Monitor Lindy AI agent execution health, automation success rates, and response latency. Key observability signals for Lindy include agent run duration, step-level success/failure within multi-step automations, trigger frequency (how often agents are invoked), and per-agent cost tracking based on Lindy's per-agent pricing model where each active agent incurs a fixed monthly cost.
LINDY_API_KEY
Configure Lindy webhooks to push events on agent run completion:
Key panels: agent run success/failure rate (stacked bar), run duration p50/p95 by agent, step failure heatmap (which steps fail most), trigger frequency (runs/hour), and active agent count vs billing (since Lindy charges per active agent).

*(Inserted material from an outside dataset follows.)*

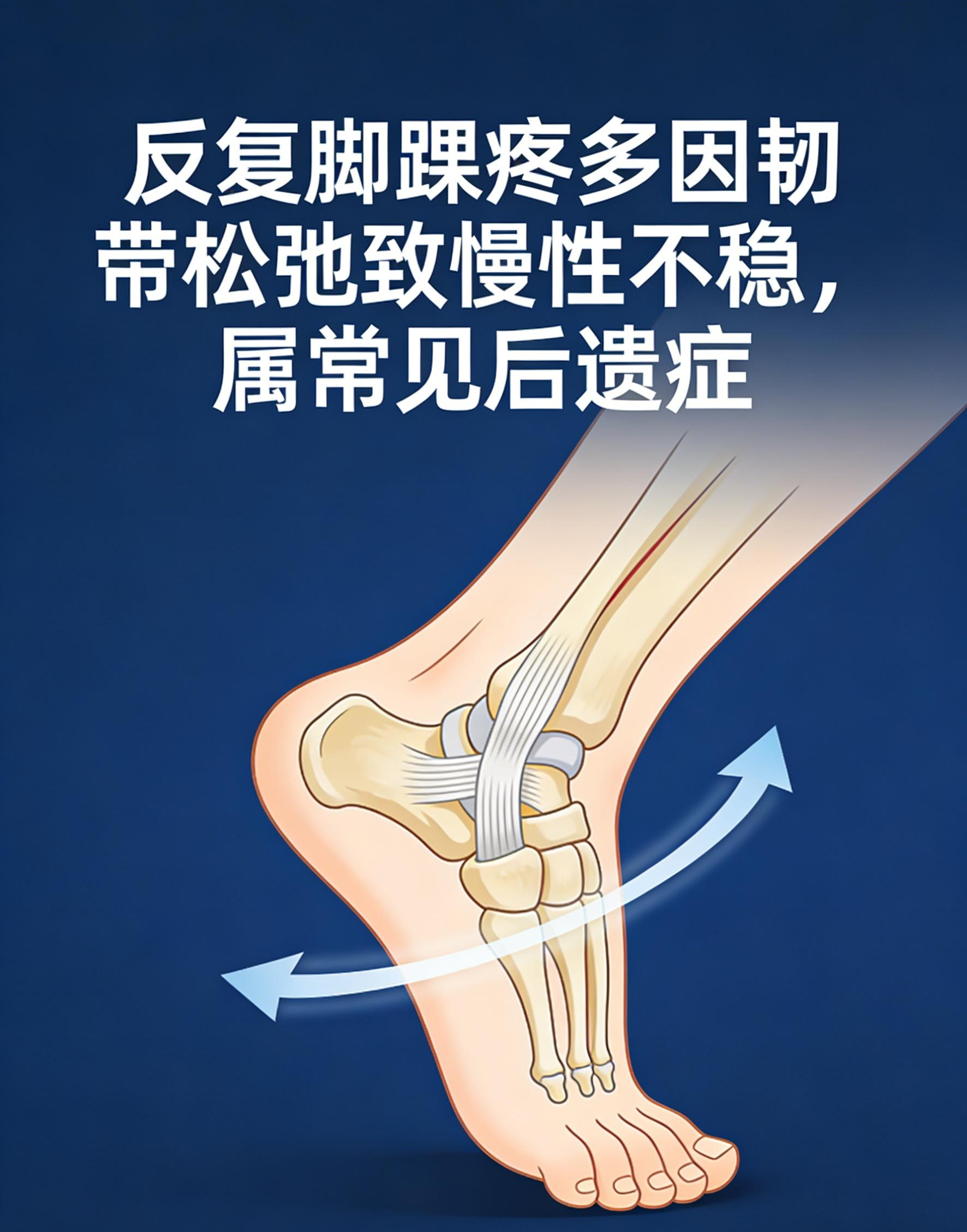 反复脚踝疼多因韧带松弛致慢性不稳,属常见后遗症。
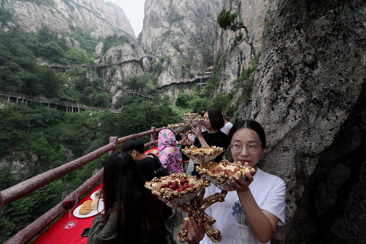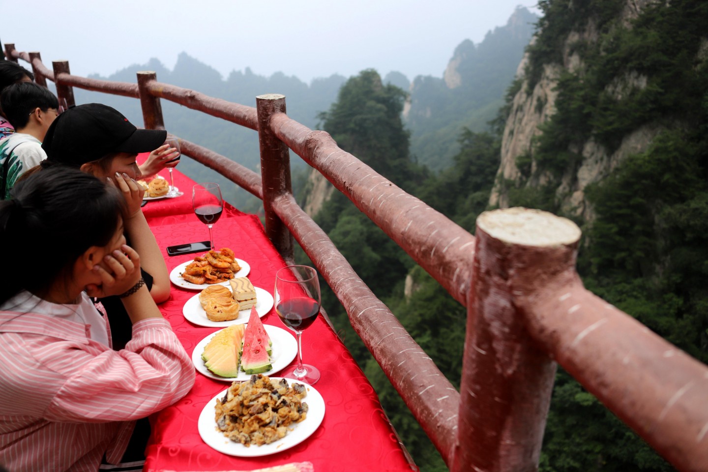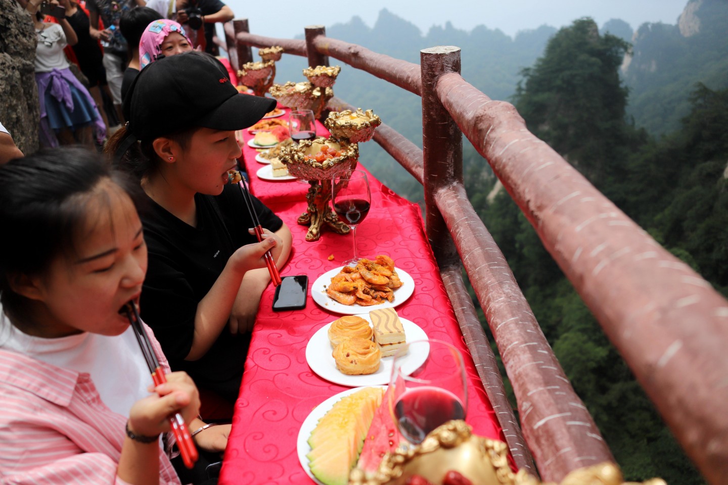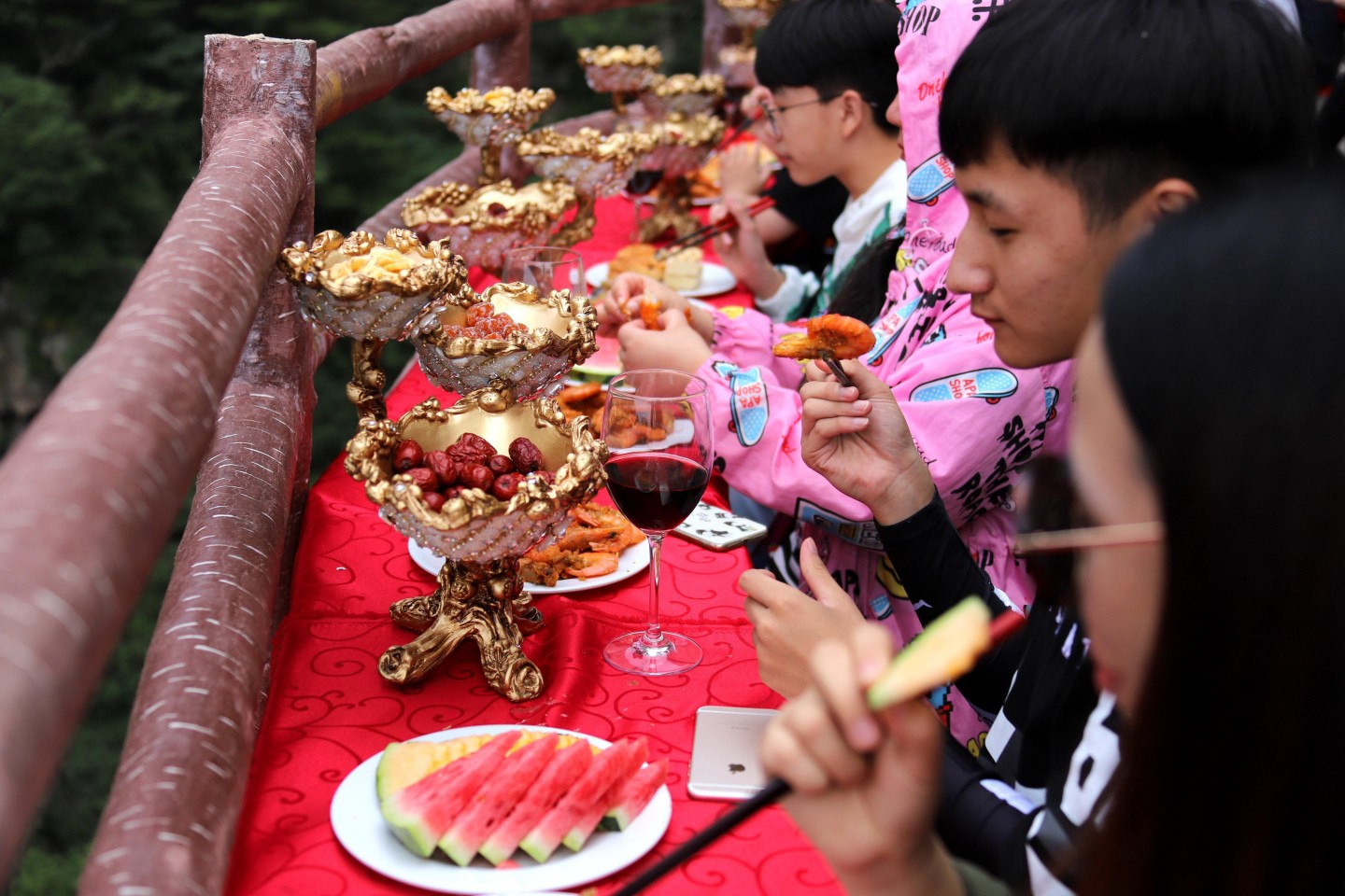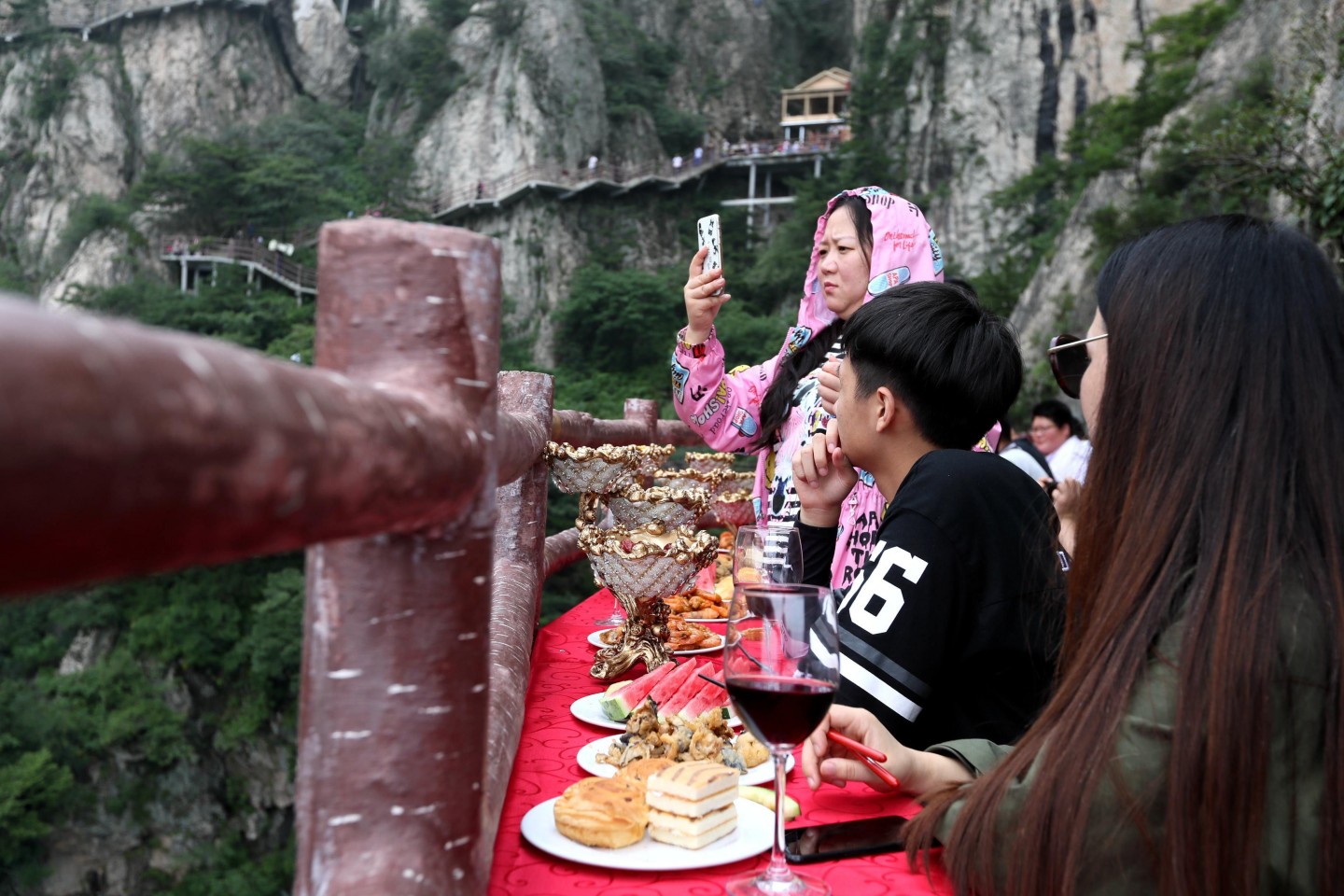 Pie klints pašas malas Henanas provincē Ķīnā noticis vērienīgs bankets.

For detailed implementation code and configurations, load the reference guide:
Read(${CLAUDE_SKILL_DIR}/references/implementation-guide.md)
| Issue | Cause | Solution |
|---|---|---|
| Webhook not delivering | Endpoint returning non-2xx | Fix endpoint, check Lindy webhook logs |
| Run duration spike | Downstream API slow in agent step | Check step-level timing in run details |
| Agent marked inactive | No triggers firing | Verify trigger configuration (schedule, webhook, email) |
| Metrics exporter missing data | API rate limit on /runs |
Reduce polling frequency, use webhooks instead |
Basic usage: Apply lindy observability to a standard project setup with default configuration options.
Advanced scenario: Customize lindy observability for production environments with multiple constraints and team-specific requirements.
See monitoring implementation details for output format specifications.